Apache Airflow is an open-source platform for orchestrating and automating batch jobs, allowing for the easy creation, scheduling, monitoring, and management of workflows. Airflow supports Hive SQL, enabling the effortless execution of Hive SQL tasks.
Apache Airflow utilizes Directed Acyclic Graphs (DAGs) to represent workflows, which consist of task nodes and dependencies. Task nodes can be Python operations, Shell operations, SQL operations, and more. Airflow supports various schedulers, including the Local scheduler, Celery scheduler, Kubernetes scheduler, and others.
This article introduces how to write Hive SQL tasks using pyhive
and execute them with the Apache Airflow Kubernetes scheduler.

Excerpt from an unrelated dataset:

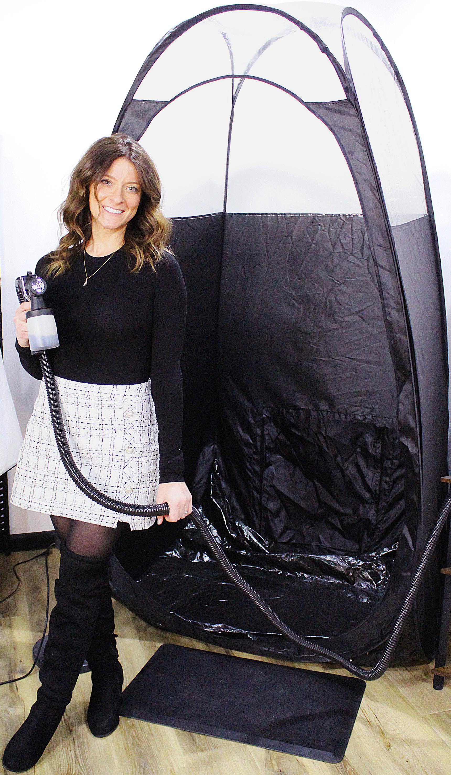 Today, she focuses exclusively on spray tans, though she hasn’t ruled out offering tanning beds in the future to give clients another option. For now, she emphasizes the control and precision of hand-applied spray tans over booths, which may produce uneven or unpredictable results.

The specific code implementation can be accessed on Github or Gitee.
This code is a DAG (Directed Acyclic Graph) written using the Apache Airflow framework, designed for automating data processing tasks. It primarily performs two tasks: creating a Hive table and inserting data, followed by identifying the top-scoring students in each subject.
The following components need to be installed in KDP:
After installing Airflow with default parameters in KDP, log in to the Airflow Web interface using the username admin
and password admin
.
Start the DAG named hive-sql-example
.
Upon successful execution, the results can be viewed through the Hue Web interface. Alternatively, you can refer to the hive-server2
Quick Start guide to connect to Hive Server2 using beeline and view the results.
运行成功后,可以通过Hue Web界面查看结果。也可以参考 hive-server2
Qucick Start 使用beeline 连接 Hive Server2 查看结果。